ASSIGNMENT: Look through the data below for the line with "また、出火当時は風が強く、火" and the line with "Ein modernes Designerbad", then transcribe exactly from the first through the second, leaving out all pictures.

RECORDS PROVIDED START

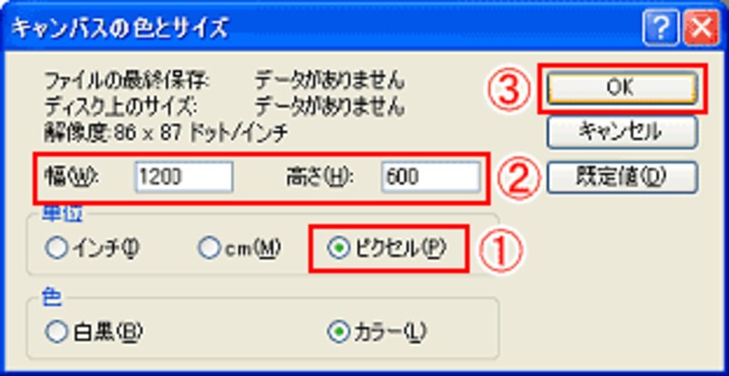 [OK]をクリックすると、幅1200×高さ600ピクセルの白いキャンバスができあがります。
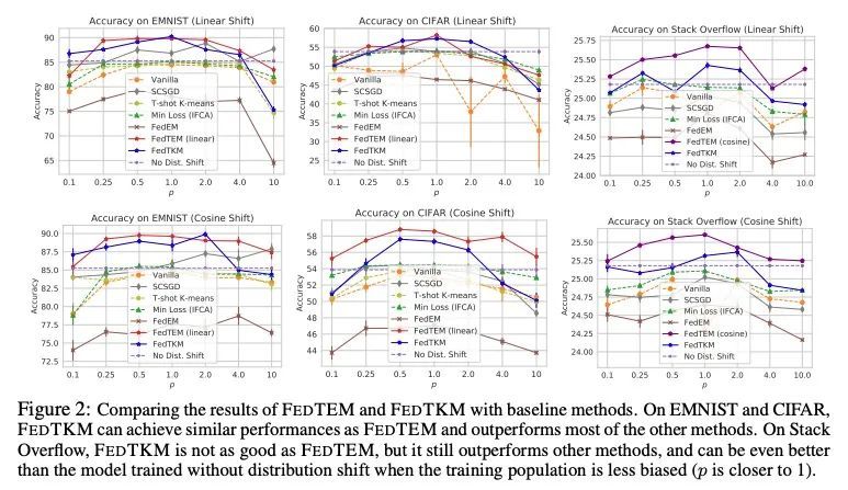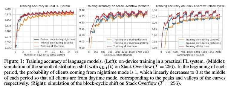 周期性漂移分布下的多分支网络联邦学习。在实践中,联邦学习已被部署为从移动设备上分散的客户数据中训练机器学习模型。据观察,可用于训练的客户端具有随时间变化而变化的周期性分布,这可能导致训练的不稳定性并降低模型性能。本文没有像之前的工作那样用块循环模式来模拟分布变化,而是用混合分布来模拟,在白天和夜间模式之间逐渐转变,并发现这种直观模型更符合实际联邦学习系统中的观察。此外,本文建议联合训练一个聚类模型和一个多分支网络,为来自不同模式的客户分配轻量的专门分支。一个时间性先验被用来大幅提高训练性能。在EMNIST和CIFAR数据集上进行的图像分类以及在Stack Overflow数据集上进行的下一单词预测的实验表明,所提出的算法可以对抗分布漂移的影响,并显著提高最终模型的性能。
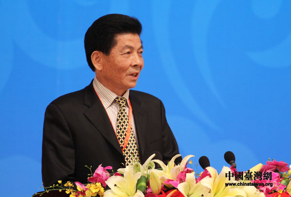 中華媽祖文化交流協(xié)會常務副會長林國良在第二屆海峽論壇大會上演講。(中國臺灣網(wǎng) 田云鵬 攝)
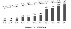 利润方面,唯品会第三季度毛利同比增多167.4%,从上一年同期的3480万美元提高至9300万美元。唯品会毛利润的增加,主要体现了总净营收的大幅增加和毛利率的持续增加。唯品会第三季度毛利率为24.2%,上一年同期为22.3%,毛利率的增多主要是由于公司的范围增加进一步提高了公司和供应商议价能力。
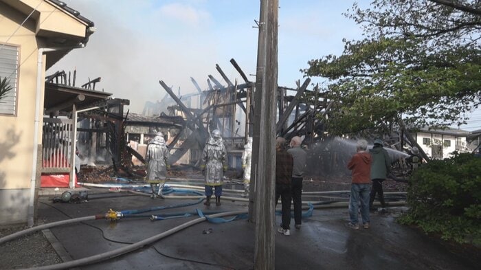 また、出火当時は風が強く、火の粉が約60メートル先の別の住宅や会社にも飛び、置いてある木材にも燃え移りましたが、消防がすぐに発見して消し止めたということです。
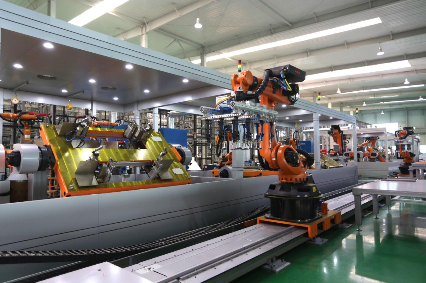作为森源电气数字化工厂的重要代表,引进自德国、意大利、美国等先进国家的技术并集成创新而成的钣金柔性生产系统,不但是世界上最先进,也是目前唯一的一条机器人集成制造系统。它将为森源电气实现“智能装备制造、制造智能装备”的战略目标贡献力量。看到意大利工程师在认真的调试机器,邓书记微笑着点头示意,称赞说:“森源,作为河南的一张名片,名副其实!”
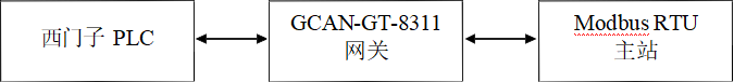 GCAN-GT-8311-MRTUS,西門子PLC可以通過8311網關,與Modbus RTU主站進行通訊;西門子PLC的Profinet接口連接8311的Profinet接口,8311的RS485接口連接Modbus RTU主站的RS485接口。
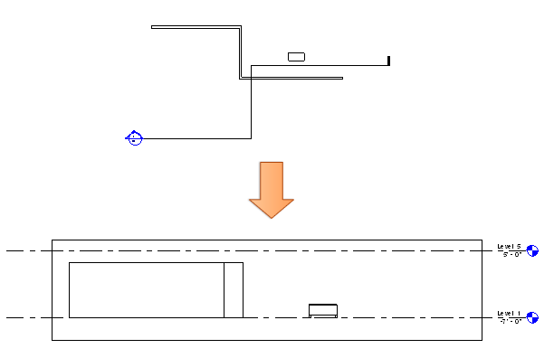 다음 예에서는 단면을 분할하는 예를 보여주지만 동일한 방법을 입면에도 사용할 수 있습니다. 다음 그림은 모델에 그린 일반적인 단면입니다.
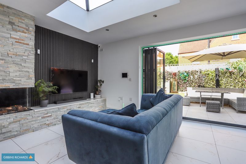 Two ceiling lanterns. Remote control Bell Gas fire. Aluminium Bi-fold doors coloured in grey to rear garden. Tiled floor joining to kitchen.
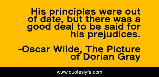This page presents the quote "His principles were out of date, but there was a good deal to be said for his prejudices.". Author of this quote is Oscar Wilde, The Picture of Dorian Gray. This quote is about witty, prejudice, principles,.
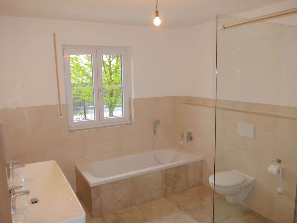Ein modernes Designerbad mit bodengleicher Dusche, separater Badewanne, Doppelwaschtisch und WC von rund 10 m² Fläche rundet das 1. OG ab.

RECORDS PROVIDED END
RECORDS PROVIDED START

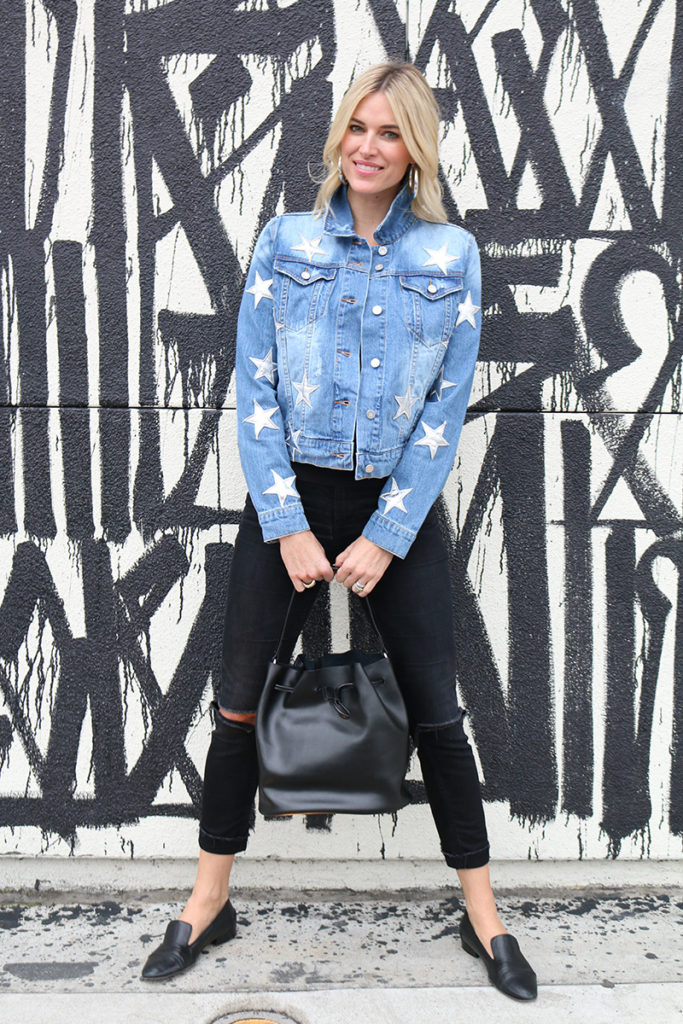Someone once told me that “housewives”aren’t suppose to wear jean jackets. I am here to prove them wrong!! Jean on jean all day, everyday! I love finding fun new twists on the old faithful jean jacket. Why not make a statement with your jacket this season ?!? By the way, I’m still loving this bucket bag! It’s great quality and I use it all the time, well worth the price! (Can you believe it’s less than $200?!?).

RECORDS PROVIDED END

TASK RESULT:
 また、出火当時は風が強く、火の粉が約60メートル先の別の住宅や会社にも飛び、置いてある木材にも燃え移りましたが、消防がすぐに発見して消し止めたということです。
作为森源电气数字化工厂的重要代表,引进自德国、意大利、美国等先进国家的技术并集成创新而成的钣金柔性生产系统,不但是世界上最先进,也是目前唯一的一条机器人集成制造系统。它将为森源电气实现“智能装备制造、制造智能装备”的战略目标贡献力量。看到意大利工程师在认真的调试机器,邓书记微笑着点头示意,称赞说:“森源,作为河南的一张名片,名副其实!”
 GCAN-GT-8311-MRTUS,西門子PLC可以通過8311網關,與Modbus RTU主站進行通訊;西門子PLC的Profinet接口連接8311的Profinet接口,8311的RS485接口連接Modbus RTU主站的RS485接口。
 다음 예에서는 단면을 분할하는 예를 보여주지만 동일한 방법을 입면에도 사용할 수 있습니다. 다음 그림은 모델에 그린 일반적인 단면입니다.
 Two ceiling lanterns. Remote control Bell Gas fire. Aluminium Bi-fold doors coloured in grey to rear garden. Tiled floor joining to kitchen.
This page presents the quote "His principles were out of date, but there was a good deal to be said for his prejudices.". Author of this quote is Oscar Wilde, The Picture of Dorian Gray. This quote is about witty, prejudice, principles,.
Ein modernes Designerbad mit bodengleicher Dusche, separater Badewanne, Doppelwaschtisch und WC von rund 10 m² Fläche rundet das 1. OG ab.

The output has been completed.